National Treasury

Department overview
- Formed: 31 May 1910; 116 years ago
- Jurisdiction: Government of South Africa
- Headquarters: Old Reserve Bank Building, 40 Church Square, Pretoria; 25°44′44″S 28°11′18″E﻿ / ﻿25.74556°S 28.18833°E;
- Employees: 1,167 (2009)
- Annual budget: R 1.17 trillion (2026/27)
- Ministers responsible: Enoch Godongwana, Minister of Finance; Dr David Masondo, Deputy Minister of Finance; Ashor Sarupen, Deputy Minister of Finance;
- Department executives: Director-General: National Treasury; Dr Duncan Pieterse;
- Website: www.treasury.gov.za

= National Treasury (South Africa) =

Government department of South Africa

The National Treasury is one of the departments of the South African government. The Treasury manages national economic policy, prepares the South African government's annual budget and manages the government's finances.

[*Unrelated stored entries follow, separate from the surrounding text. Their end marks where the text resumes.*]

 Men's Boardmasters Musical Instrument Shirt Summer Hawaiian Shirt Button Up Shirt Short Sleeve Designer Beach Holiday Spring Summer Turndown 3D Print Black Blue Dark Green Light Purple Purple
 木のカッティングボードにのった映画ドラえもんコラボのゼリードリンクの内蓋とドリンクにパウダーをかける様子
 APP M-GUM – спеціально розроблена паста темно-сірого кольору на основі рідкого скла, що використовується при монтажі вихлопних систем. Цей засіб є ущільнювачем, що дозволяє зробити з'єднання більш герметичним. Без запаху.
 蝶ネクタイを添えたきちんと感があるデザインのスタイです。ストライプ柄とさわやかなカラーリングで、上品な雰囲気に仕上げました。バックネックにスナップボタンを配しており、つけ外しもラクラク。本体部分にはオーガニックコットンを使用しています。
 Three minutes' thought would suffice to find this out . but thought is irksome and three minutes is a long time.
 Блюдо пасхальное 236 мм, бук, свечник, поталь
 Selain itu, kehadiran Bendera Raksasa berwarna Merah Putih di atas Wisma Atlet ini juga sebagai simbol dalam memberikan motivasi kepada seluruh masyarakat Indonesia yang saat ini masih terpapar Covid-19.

Along with the South African Revenue Service and Statistics South Africa, the Treasury falls within the portfolio of the Minister of Finance.

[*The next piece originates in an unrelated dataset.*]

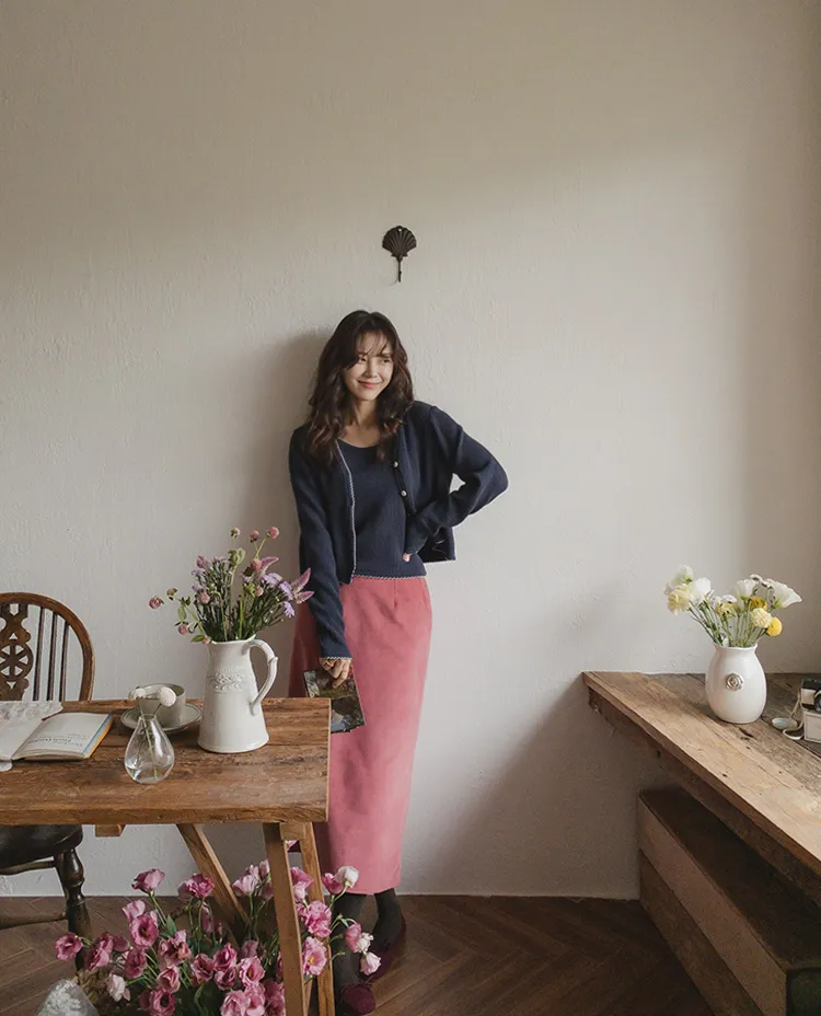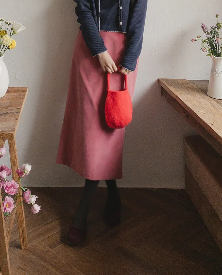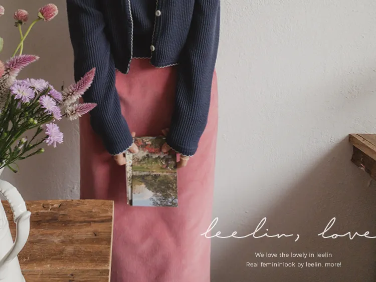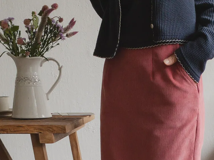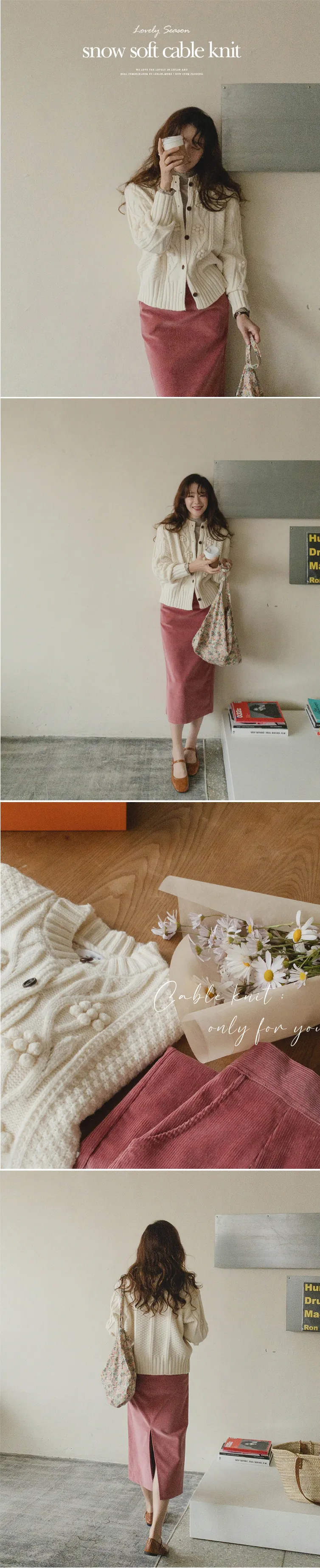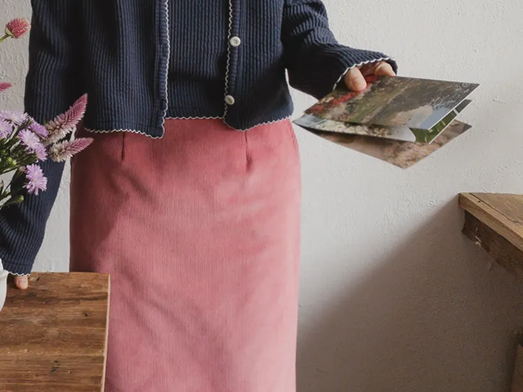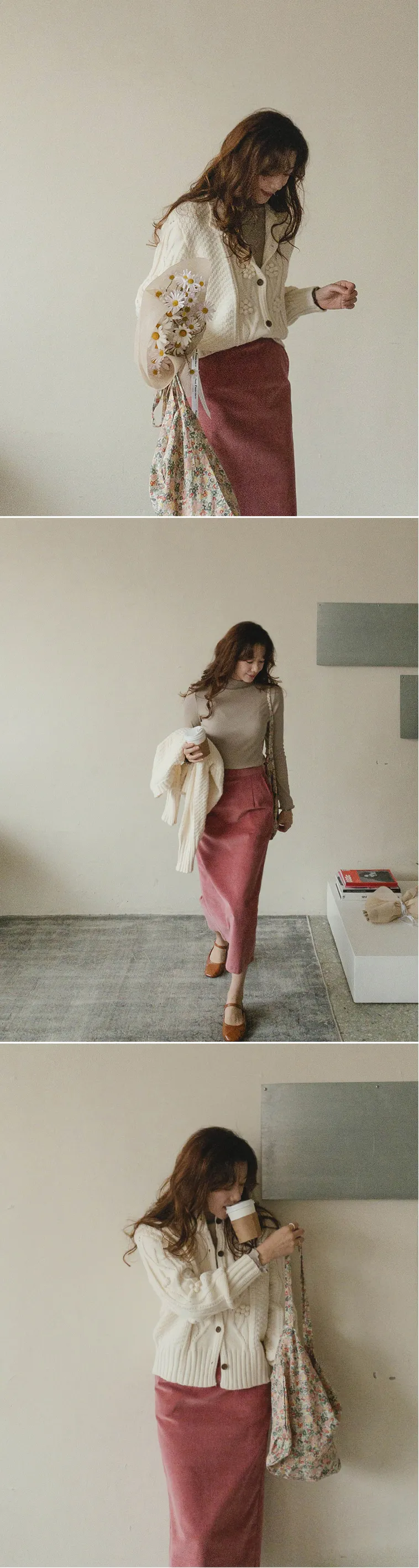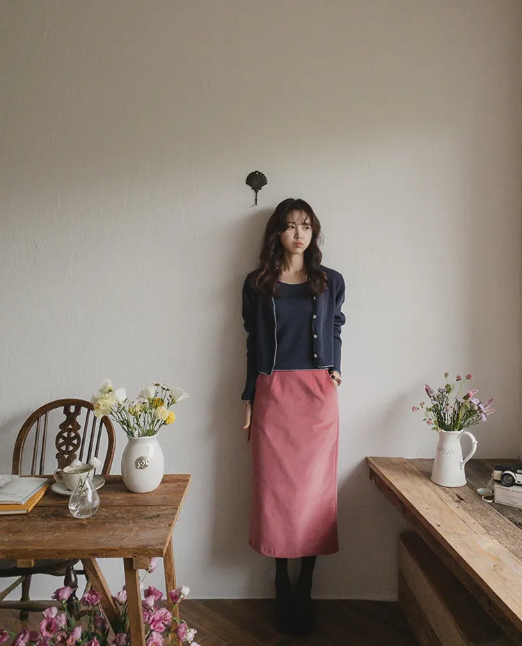 H剪裁後開衩腰部彈性燈芯絨中長裙

In the 2010 national budget, the Treasury received an appropriation of 1,504.4 million rand and had 730 employees.

== History ==

The Treasury has been responsible for South African Airways, the country's flag air carrier, since December 2014.

Throughout the course of President Jacob Zuma's second administration, the ministry has undergone several changes. Most notably, Nhlanhla Nene was suddenly dismissed on 9 December 2015, without explanation, and replaced with a relatively unknown parliamentary back-bencher from the ruling ANC's caucus, David 'Des' van Rooyen for a record-total of 3 days.

He was, in turn, replaced by Pravin Gordhan after the President faced significant pressure from political and business groups over the move.

On 30 March 2017, Jacob Zuma fired Pravin Gordhan and appointed Malusi Gigaba as Minister of Finance. Following Zuma's resignation, President Cyril Ramaphosa returned Nhlanhla Nene as Minister in his cabinet reshuffle on 26 February 2018.

== Corruption ==

=== Oracle Corporation contract and corruption probe ===
In 2017, a whistleblower notified the U.S. Securities and Exchange Commission and US Department of Justice, alleging possible violations of the Foreign Corrupt Practices Act in awarding of a contract to the Oracle Corporation by National Treasury in 2015.

In March 2024, the Special Investigating Unit found that there were conflicts of interest, irregular processes, and non-compliance with policies and legislation, and said it would petition to blacklist Oracle in South Africa, cancel the contract and recover the money paid.